A estabilidade de que fala Cini é, ao mesmo tempo, causa e conseqüência da capacidade de dizer "não". De acordo com os consultores, empresários que já possuem essa maturidade selecionam melhor a clientela; nos outros casos, decidir fazer essa seleção é algo importante, que pode ajudá-los a alcançar o ponto de equilíbrio que a empresa precisa.

Quem me interessa?
A recomendação não é viver procurando motivos para não trabalhar, mas há casos em que o comprador se torna de fato desinteressante.
"Quando vejo que o cliente pode ser mais bem atendido por outra empresa, não aceito o serviço. Se foge da nossa especialidade, acabamos declinando", afirma Mauricio Luís Berndt, 40, gerente comercial da Eclipse, que lida com teleinformática.
Marcel Antunes, 27, sócio da agência de publicidade ABC&Z, diz que selecionar clientes e serviços foi um longo aprendizado. "Falar "sim" e desenvolver algo que não dá resultado é sempre pior, sempre gera reclamações", explica Antunes.

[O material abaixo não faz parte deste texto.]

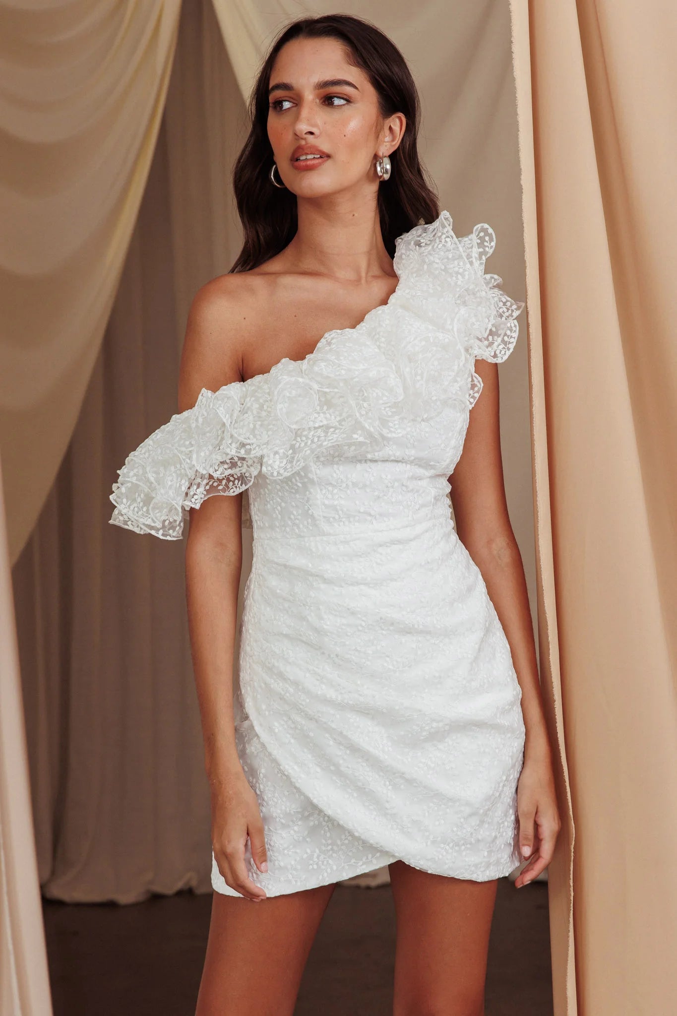 Make an entrance in our stunning Hollyn mini dress. We are in love with its gorgeous ruffle neckline and chic, one-shoulder style. Perfect for a wedding or graduation! Team it with strappy, white heels and a clutch for an unforgettable look.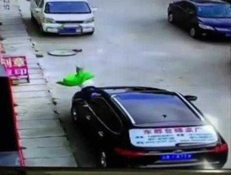 Em bé rơi từ trên nhà cao tầng xuống trúng ô tô rồi văng xuống đất nhưng ngay sau đó đứng dậy và chạy đi.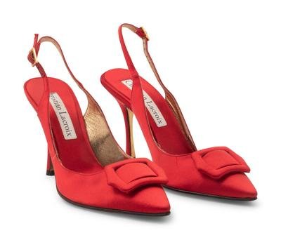 -One pair of Lacroix red satin slingback heels, size 40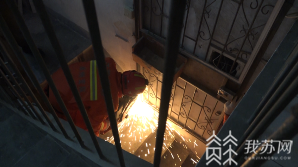 在一幢居民楼的6楼半,执法人员发现有顶层居民私自在楼梯道内安装了一个防盗门,消防人员立即进行破拆。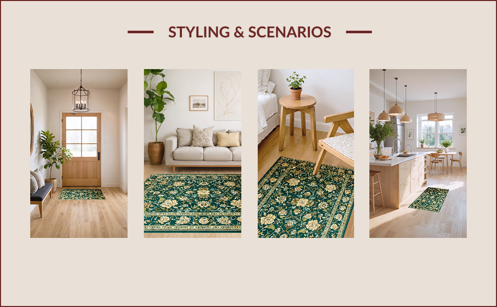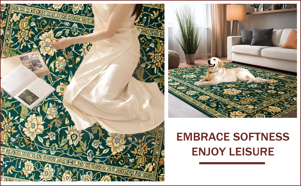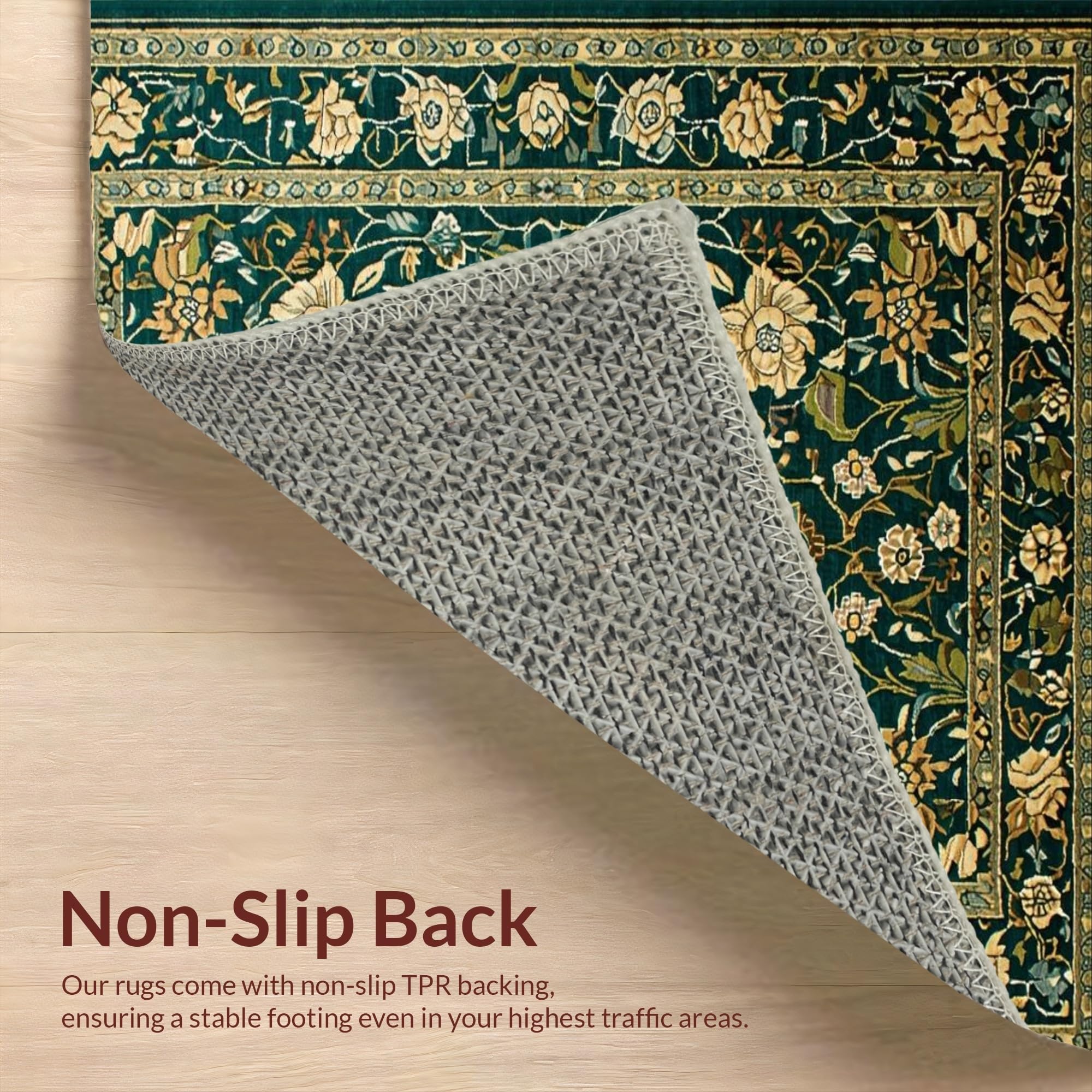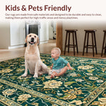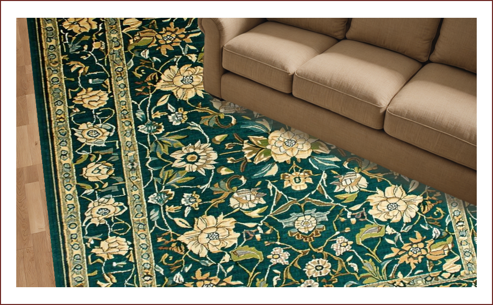 Ultra Soft Area Rug, Non Slip, Stain Resistant, Washable Area Rugs for Living Room, Bedroom, Vibrant Antique Botanical Style(Blue) Overview:

Para as grandes, dizer "não" é mais fácil. O Banco Real, por exemplo, já deixou de conceder crédito a empresas que desrespeitavam exigências socioambientais.
Já Pedro Melo, sócio da consultoria e auditoria KPMG, afirma que toda oportunidade de trabalho recebida pela empresa passa por dois "filtros": não pode haver conflito de interesses -nem com a equipe (os sócios não podem ser correntistas de um banco que auditam, por exemplo) nem com outros serviços já prestados- e é preciso que o atendimento não ameace a imagem da consultoria. "Nossos clientes são submetidos a uma revisão anual."
Se o ramo da empresa é considerado estratégico, atender o concorrente pode ser uma boa razão para a recusa. É o que ocorre com grandes agências de publicidade e assessorias de comunicação.